The MEROPS database (Rawlings 2008)
The MEROPS database focuses on the classification of a subset of proteins called peptidases (also termed proteases, proteinases or proteolytic enzymes) and provides the worldwide standard nomenclature for these proteins. Because MEROPS covers a more specialised set of proteins it can collect data at a greater depth than Pfam, even at the level of individual proteins, family and clan level.
The Rfam database (Griffiths-Jones 2009)
We have created the Rfam database, the first collection of non-coding RNA (ncRNA) families. Rfam is a joint project involving researchers based at the Wellcome Trust Sanger Institute and at Janelia Farm, Ashburn, VA, USA. Rfam makes use of the large amount of available nucleotide sequence data to identify sequence relatives for the many hundreds of known ncRNA families. The database has allowed for the first time, the routine annotation of ncRNAs in genomes. The database is also widely used as a training set for RNA software development.

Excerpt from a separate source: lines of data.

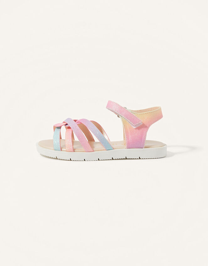 These summer stompers are perfect for long walks on the beach. They feature fun cross strap detailing to the foot, with a secure rip-tape strap over the ankle. Finished with a subtle shimmer to reflect the holiday sun! Multi
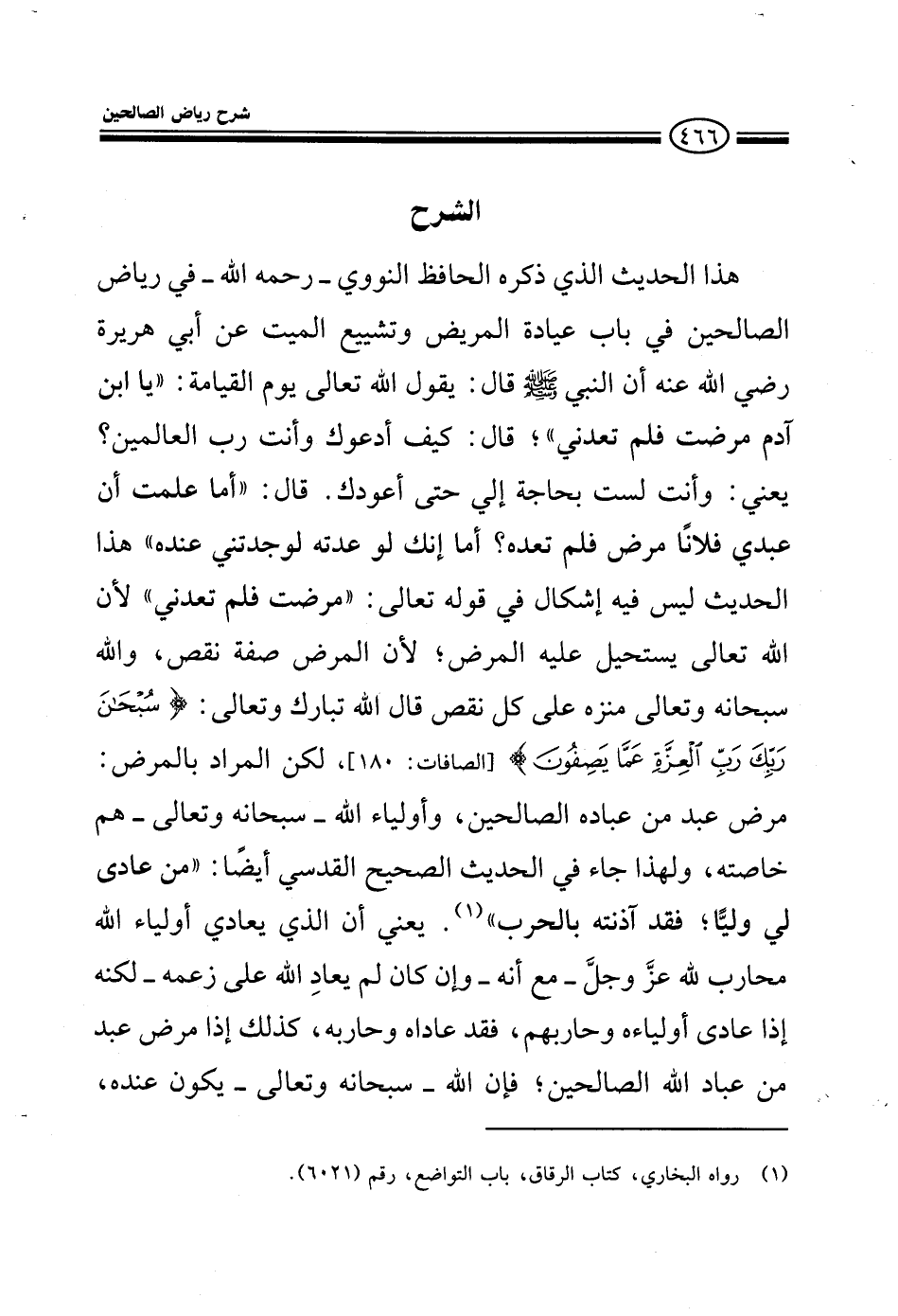 EXهذا الحديث ذكره النووي رحمه الله في رياض الصالحين باب عيادة المريض وتشييع الميت عن أبي هريرة رضي الله عنه أن النبي صلى الله عليه وسلم قال يقول الله تعالى يوم القيامة يا ابن آدم مرضت فلم تعدني قال كيف أعودك وأنت رب العالمين يعني وأنت لست بحاجة إلي حتى أعودك قال أما علمت أن عبدي فلانا مرض فلم تعده أما إنك لو عدته لوجدتني عنده هذا الحديث ليس فيه إشكال في قوله تعالى مرضت فلم تعدني لأن الله تعالى يستحيل عليه المرض لأن المرض صفة نقص والله سبحانه وتعالى منزة عن كل نقص قال الله تبارك وتعالى سبحان ربك رب العزة عما يصفون لكن المراد بالمرض مرض عبد من عباده الصالحين وأولياء الله سبحانه وتعالى هم خاصته ولهذا جاء في الحديث الصحيح القدسي أيضا من عادى لي وليا فقد آذنته بالحرب يعني من يعادي أولياء الله محارب لله عز وجل مع أنه وإن كان لم يعاد الله على زعمه لكنه عادى أولياءه وحاربهم كذلك إذا مرض عبد من عباد الله الصالحين فإن الله سبحانه وتعالى يكون عنده
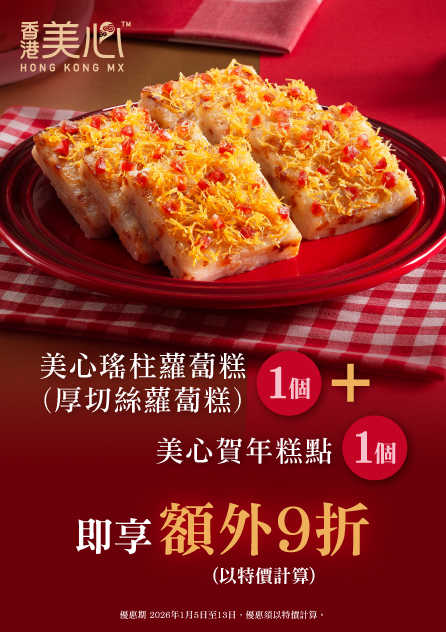 1. 額外9折優惠只限美心指定產品,優惠須以特價計算,推廣優惠期2026年1月5日至13日。
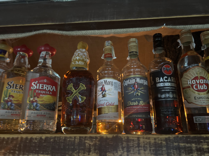 The image displays a close-up, eye-level view of a wooden shelf stocked with assorted liquor bottles, consistent with a commercial establishment such as a bar or retail store located in Sofia, Bulgaria. The exact street address or name of the establishment cannot be determined from the visual evidence. The shelf is constructed from dark, possibly distressed or aged, wood. Behind the bottles, a light-colored, coarse woven fabric, resembling burlap or hessian, is visible on the back panel of the shelf above. Ambient lighting illuminates the scene, causing reflections on the glass surfaces of the bottles. From left to right, the visible subjects are: 1. A partial view of an unidentified bottle topped with a yellow cap. 2. A Sierra Tequila Blanco bottle, distinguishable by its clear liquid and a red sombrero-shaped cap. The label features a cowboy on a desert landscape. 3. Another Sierra Tequila Blanco bottle, identical to the preceding one, also with a red sombrero-shaped cap. 4. A distinctively shaped dark amber liquid bottle, featuring a prominent gold 'X' emblem on its label and a textured, yellow, knit cap-like closure. Partial text 'RUMBA' is visible on the cap. 5. A Captain Morgan Original Spiced Gold Rum bottle, containing amber liquid. 6. A Captain Morgan Original Dark Rum bottle, containing darker amber liquid. 7. A Bacardi Carta Negra (Black) Rum bottle, featuring a dark label and containing dark amber liquid. 8. A Havana Club Añejo Especial Rum bottle, containing light amber liquid, with a gold and red label. 9. A partial view of an unidentified bottle on the far right. No people are present in the image, and no actions or interactions are depicted. The scene is static, portraying only inanimate objects.

Wikipedia: WikiRNA Project (Daub 2008)
The online encyclopedia Wikipedia has become one of the most important online references in the world and has a substantial and growing scientific content. We have formed the RNA WikiProject (http://en.wikipedia.org/wiki/Wikipedia:WikiProject_RNA) as part of the larger Molecular and Cellular Biology WikiProject. We have created over 600 new Wikipedia articles describing families of noncoding RNAs based on the Rfam database, and invite the community to update, edit, and correct these articles. The Rfam database now redistributes this Wikipedia content as the primary textual annotation of its RNA families. Users can, for the first time, directly edit the content of one of the major RNA databases. We believe that this Wikipedia/Rfam link acts as a functioning model for incorporating community annotation into molecular biology databases. This project has received a lot of media attention including an appearance in NatureNews (link to http://www.nature.com/news/2008/081216/full/news.2008.1312.html) and WikiNews (link to http://en.wikinews.org/wiki/RNA_journal_submits_articles_to_Wikipedia?curid=118352).

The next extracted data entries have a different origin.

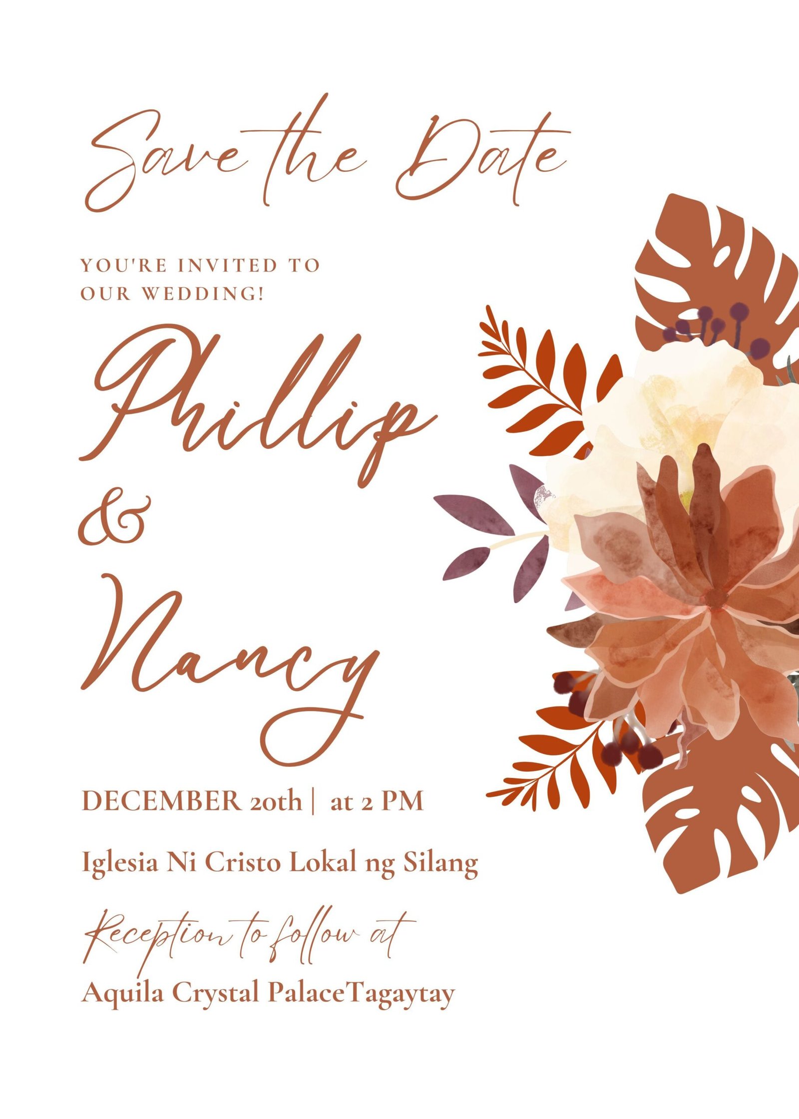 With soft terracotta hues, organic floral elements, and elegant handwritten typography, this invitation suite is perfect for rustic, outdoor, garden, and intimate weddings.
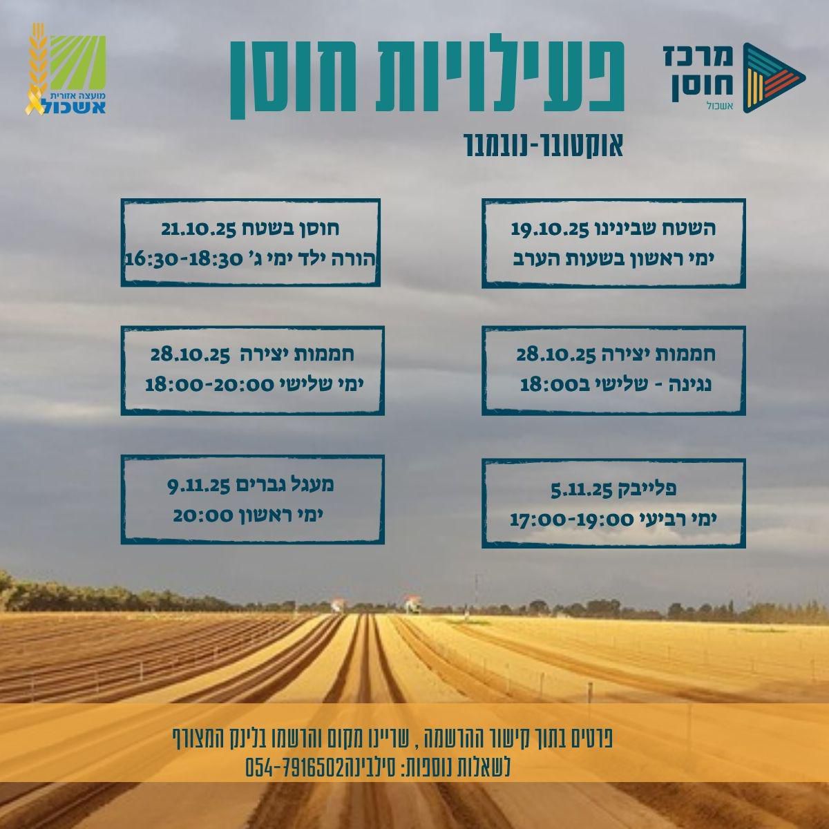 מוזמנות ומוזמנים לקחת חלק בסדנאות של מרכז חוסן אשכול שיחלו בחודשים אוקטובר-נובמבר.
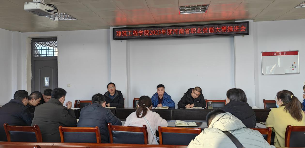 2023年11月13日下午,建筑工程学院在5512会议室召开了建筑工程学院2023年度河南省职业技能大赛推进会,院长张占伟、党总支负责人雷旭锋、教学工作负责人李佳、各教研室负责人以及各参赛队指导教师参加了会议。
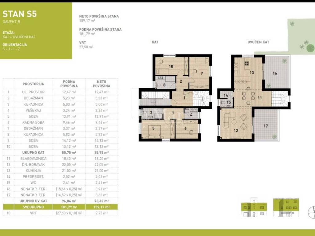Dvoetažni stan, koji se sastoji od ulaza iz prizemlja, I. kata gdje su smještene sekcijski odvojene ukupno četiri spavaće sobe, 2 kupaonice i vešeraj, te na II. katu prostranog dnevnog boravka, kuhinje, blagovaone, špajze i wc-a te dvije terase s prekrasnim pogledom na zelenilo.
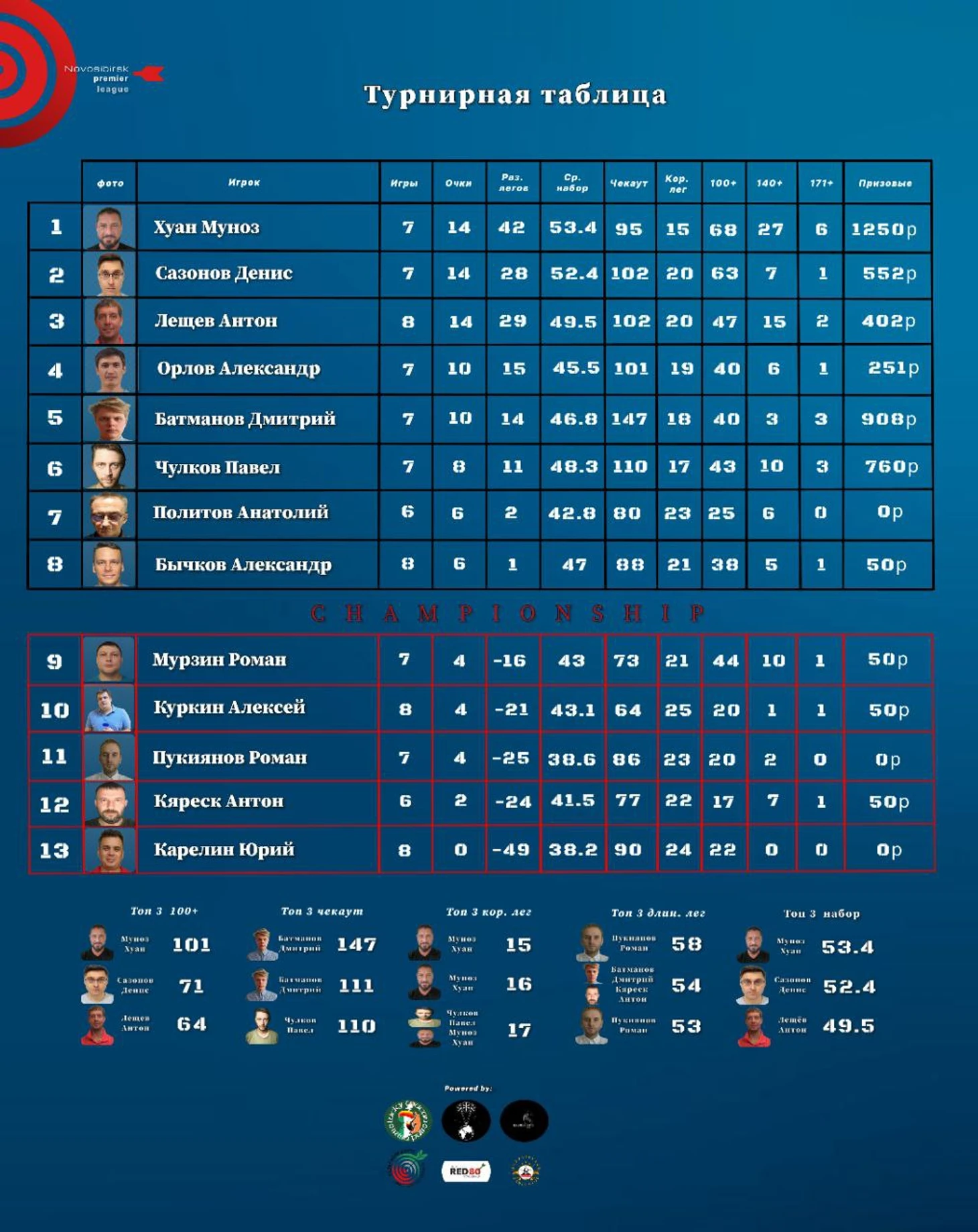 МАТЧ ТУРА Павел Чулков против Дмитрия Батманова Должен получиться хороший матч - соперники закрывают 100+ «чекауты» и любят устроить себе проблемы ведя в счёте. Дмитрий проиграл две последние игры, Павел одну выиграл и одну проиграл. Надеемся на наборы выше 50 и хорошие даблы.
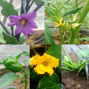 時折雨がふり風があるけど、ハウス内は正午の気温34℃です! 夏野菜達も、調子出てきた! 全部判る方は何人いるかな? 右下↘️は、若い株で少し難しいかも! 正解は、 左上からナス🍆、トマト🍅、ピーマン、カボチャ🎃、ズッキーニでした! 来月くらいから食べるのが楽しみです!

Discovery of novel protein families
The classification of novel protein families continues to be a key method for transferring experimental results onto new genomic data. Our team has published on many novel domains such as the G5 domain. The discovery of the PAZ domain allowed us to predict that the Dicer protein would be the dsRNA nuclease involved in RNAi some months before this was experimentally demonstrated. We also discovered a novel beta-lactam binding module called the PASTA domain, found in bacterial cell surface receptors and penicillin binding proteins. Most recently we identified that the enigmatic scramblase proteins are related to Tubby, an important protein involved in regulating weight, suggesting these two have a common role in gene regulation.
Research and database maintenance is supported by grants from the Wellcome Trust, the Medical Research Council (MRC) and the Biotechnology and Biological Sciences Research Council (BBSRC).